Easy Slow Cooker Tex-Mex Chicken is one of my go-to meals when I do a pantry challenge. I almost always have everything I need on hand and its so easy to throw everything into the crockpot!
One of my favorite things about this is how easy it is to adjust the spice level. I often make up two batches to throw into the freezer (before or after cooking) and just label them. To spice it up a bit, you can add diced jalapeños & a little cumin.

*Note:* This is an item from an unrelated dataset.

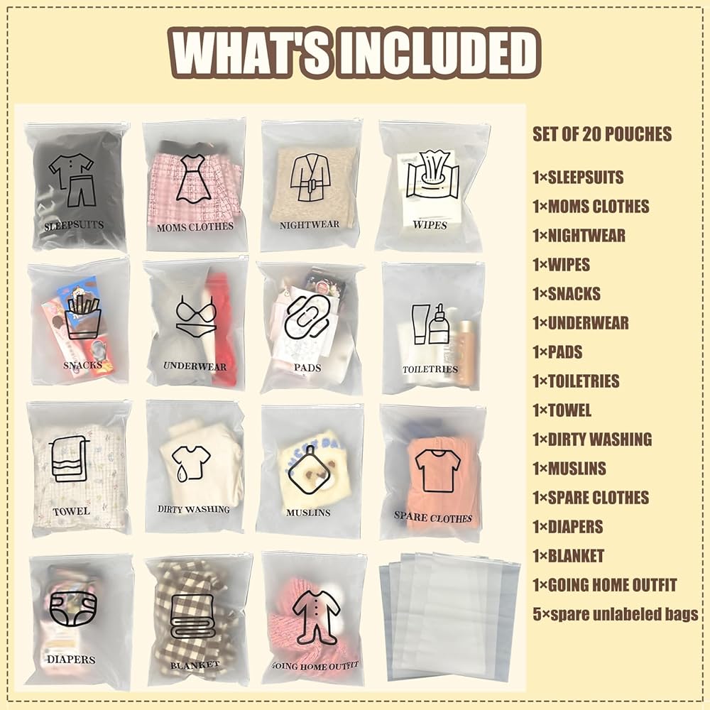 BYXVSBYS 20 Pack Hospital Bags for Labor and Delivery,11 x 14 Inch Maternity Hospital Bag Essentials for Mommy Dad Newborn Baby,Diaper Bag Organizing Pouches First Time New Mom Must Haves

What is your favorite chicken recipe?
- 1 lb. boneless skinless chicken breasts, cut into 1-inch-wide strips
- 1 package taco seasoning mix (or 3 Tbsp of homemade taco seasoning)
- 2 Tbsp. flour
- 1 bag frozen pepper & onion mix
- 1 cup frozen corn
- ¾ cup chunky salsa
- 1 can Rotel diced tomatoes and green chilies
- 1 can black beans (drained and rinsed)
- Cooked brown rice
- Mexican shredded cheese
- In slow cooker, coat chicken with taco seasoning and flour.
- Stir in pepper & onion mix, corn, salsa, Rotel and black beans.
- Cook on low for 6 to 8 hours (or on high for 3 to 4 hours).
- Stir just before serving.
- Serve over rice and top with cheese.